El 19 de marzo, el Dr. Jerónimo Angulo Gastón, asesor jurídico de ABC, interpuso un recurso de Habeas Corpus en favor de Zuccolillo. Montanaro expresó que la detención se sustentaba en el artículo 79 de la Constitución Nacional. La Jefatura de la Policía de la Capital no presentó a Zuccolillo ante la Corte Suprema de Justicia, el 20 de marzo. En la misma fecha, más de una veintena de abogados, encabezado por el titular del Colegio de Abogados del Paraguay, solicitó nuevamente el Habeas Corpus.

El 22 de marzo de 1984, a través de Resolución Nº 227, el Ministro del Interior dispuso la clausura por tiempo indeterminado de ABC. En el considerando se expresa que: “(...) el diario ABC Color ha violado sistemáticamente y con conocimiento de causa los preceptos de la Carta Magna, en un afán permanente de subvertir el orden público, poniendo en peligro la paz de la República y la estabilidad de las Instituciones, con la prédica diaria de opiniones de corte sedicioso, ya sea en sus editoriales o sirviendo de vocero permanente de grupos políticos irregulares, desprovistos de sustentos jurídicos e institucionales, promoviendo así un estado de confusión, de intranquilidad en la opinión pública y creando la alarma social (...).

Desde el 23 hasta el 28 de marzo de 1984. Aldo Zuccolillo, permaneció arrestado en su domicilio. José Luis De Tone, cronista de ABC, recuperó su libertad. El periodista había sido arrestado cuando la policía rodeó el local del matutino y se dio a conocer la clausura del diario dispuesta por el Ministerio del Interior.

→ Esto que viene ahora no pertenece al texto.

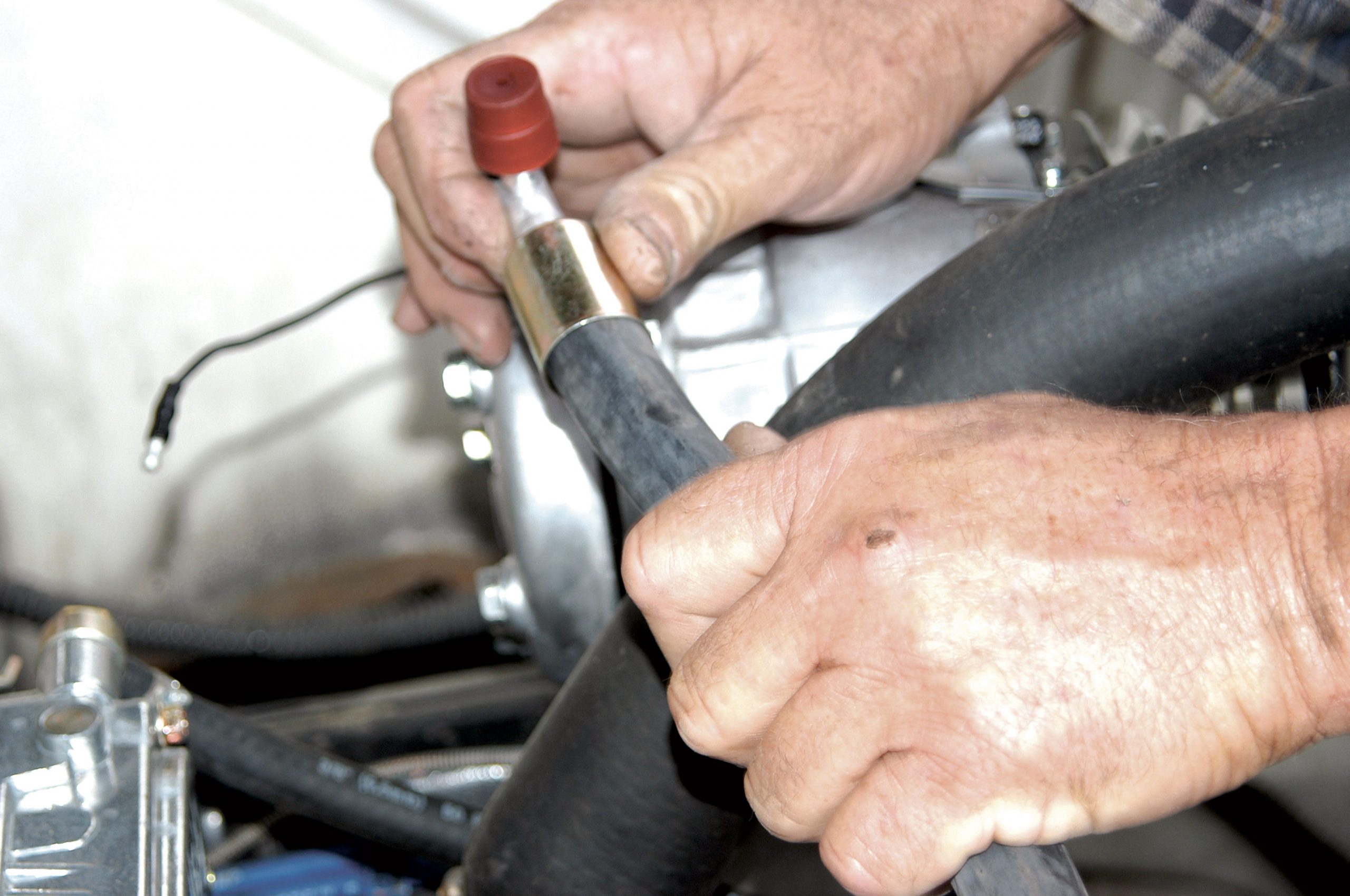 The heater control valve has to be installed in the radiator-hose inlet line. Here, a good mounting position for the fitting is found.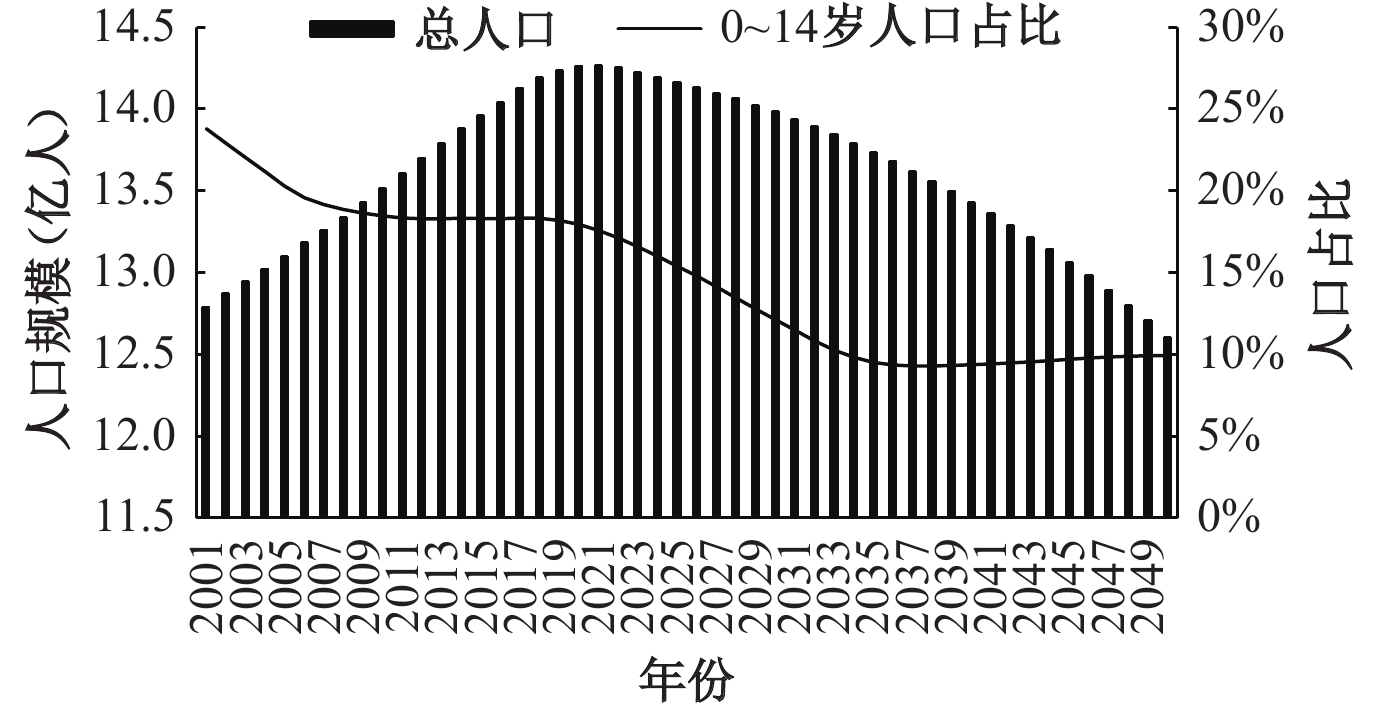 中国人口面临“近忧小,远虑大”的困境,少子化程度持续加剧与人口负增长惯性形成叠加效应,未来人力资源储备将进一步减少,削弱人口自身可持续发展潜力。适度的人口规模和稳定的自然增长率是人口可持续发展的前提,实现人口自身可持续发展,关键在于维持适度生育水平、优化人口年龄结构并保障人力资源长期稳定供给。联合国《世界人口展望2024》预测,2022—2050年,中国人口规模将持续处于负增长状态。受庞大人口基数的影响,人口变动惯性显著,负增长初期速度相对温和,到中后期将大幅提升。图4展示了2001—2050年中国人口规模和0~14岁人口占比变动,预计2030年之前,我国总人口将跌破14.0亿,到2050年更将缩减至12.6亿。与此同时,少子化进程加速推进,预计2035年左右,0~14岁少儿人口占比将下降至10.0%以下。持续的人口规模收缩和年龄结构失衡,严重威胁人口自身可持续发展根基。在人口负增长与少子化的双重冲击下,劳动力的数量和质量受到严重影响。一方面,人口规模下降导致劳动力规模不断缩减,削弱了国家人口支撑能力,长远来看难以满足社会经济发展对人力资源的需求,另一方面,进入劳动年龄人口的新生力量日益萎缩,年轻劳动力补充不足,使得社会整体趋于保守、创新动力减弱、适应变化的能力受限,社会活力有待进一步激发。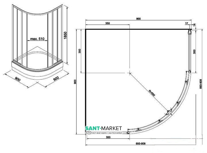 Размер: 90x90x185 см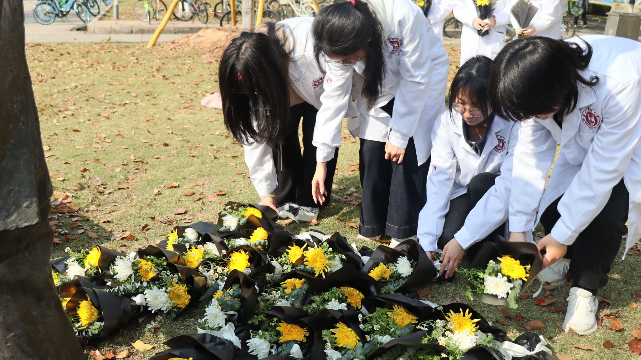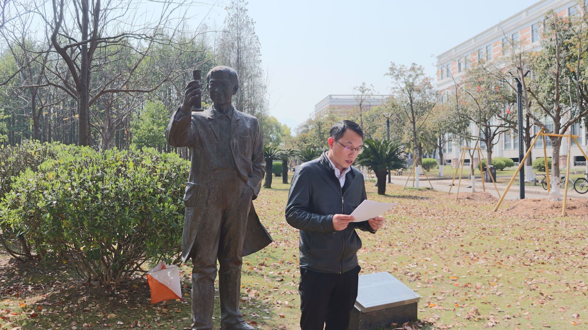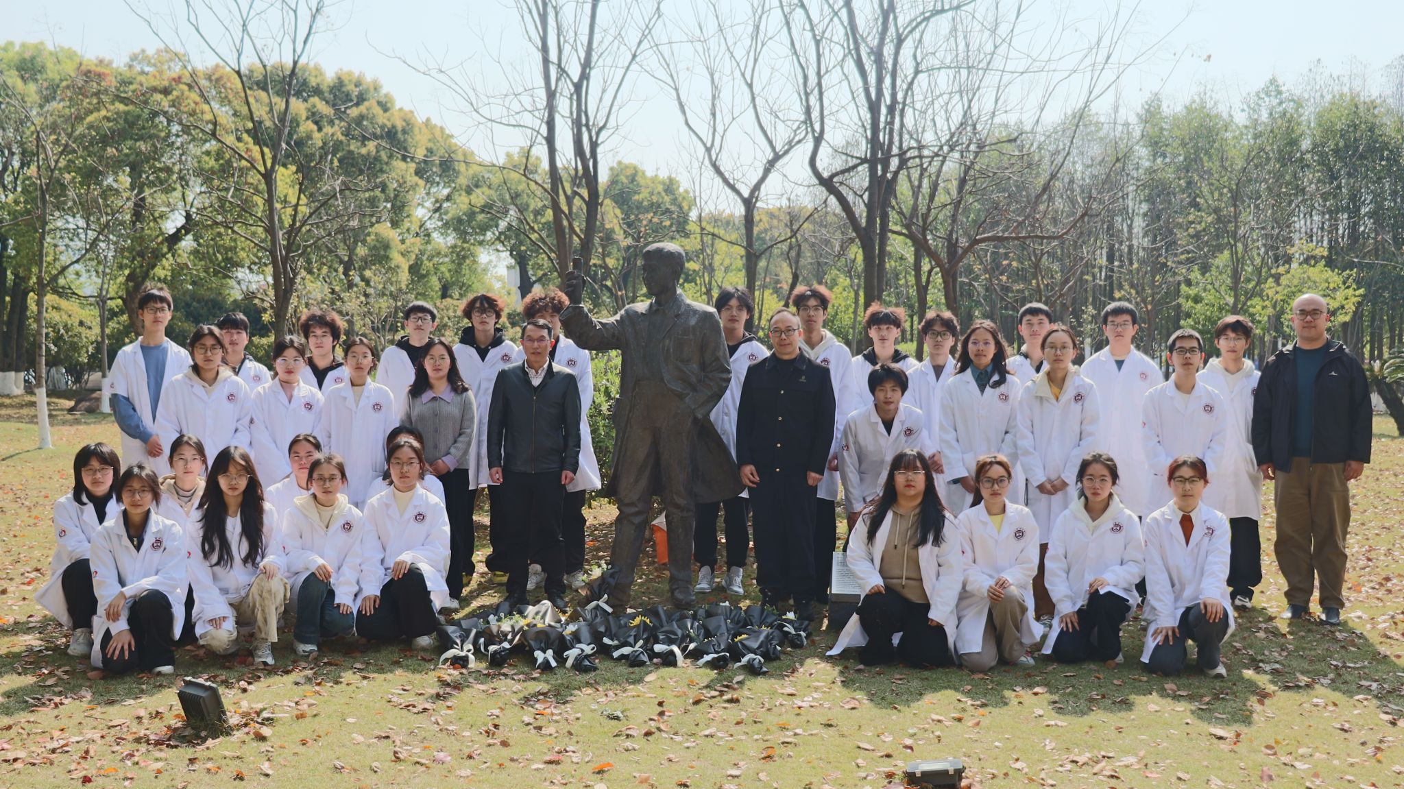 师生在茶山校区周健博士铜像前举行纪念活动。杏吧

El Diario ABC estuvo clausurado por cinco años. Reabrió sus puestas el 22 de marzo de 1989. Este año, el matutino, en coincidencia con los 25 años del golpe que trajo la democracia, también cumple 25 años de la reapertura.

SUSPENSIÓN DEL SEMANARIO AQUÍ

El juez Edgar Stanley suspendió definitivamente la publicación del semanario “Aquí” el 2 de enero de 1984. La resolución judicial se basó en la publicación de una serie de noticias consideradas como difamatorias. El fallo pone énfasis en que el semanario, aprovechando un error de imprenta cometido en el diario “Patria” sobre una ceremonia nupcial, hizo una publicación manifestando que “dos mujeres se habían casado en el Paraguay con el aval de la propia Iglesia”. La resolución apunta, que con la crónica fueron ofendidas dos familias honorables y que además se ridiculizó a la misma Iglesia Católica. La suspensión de “Aquí” se originó en un amparo promovido por el fiscal general del Estado, Dr. Clotildo Giménez Benítez.

COMENTARIO: En los casos mencionados están registradas solamente una pequeña parte de la represión a los medios de prensa, de los últimos años del stronismo. En realidad, las violaciones contra la libertad de prensa y de expresión fueron una constante durante el gobierno de Stroessner. Por ejemplo, en 1969 hubo una censura total de prensa y habían policías en cada periódico y radioemisora.

Toda crítica a los manejos políticos, a las violaciones a los derechos humanos, a la corrupción e inclusive toda información acerca de los problemas sociales significaba: “alentar la subversión”, “predicar el odio entre paraguayos” y “alentar contra el ambiente de paz, tranquilidad y orden que vive la República”.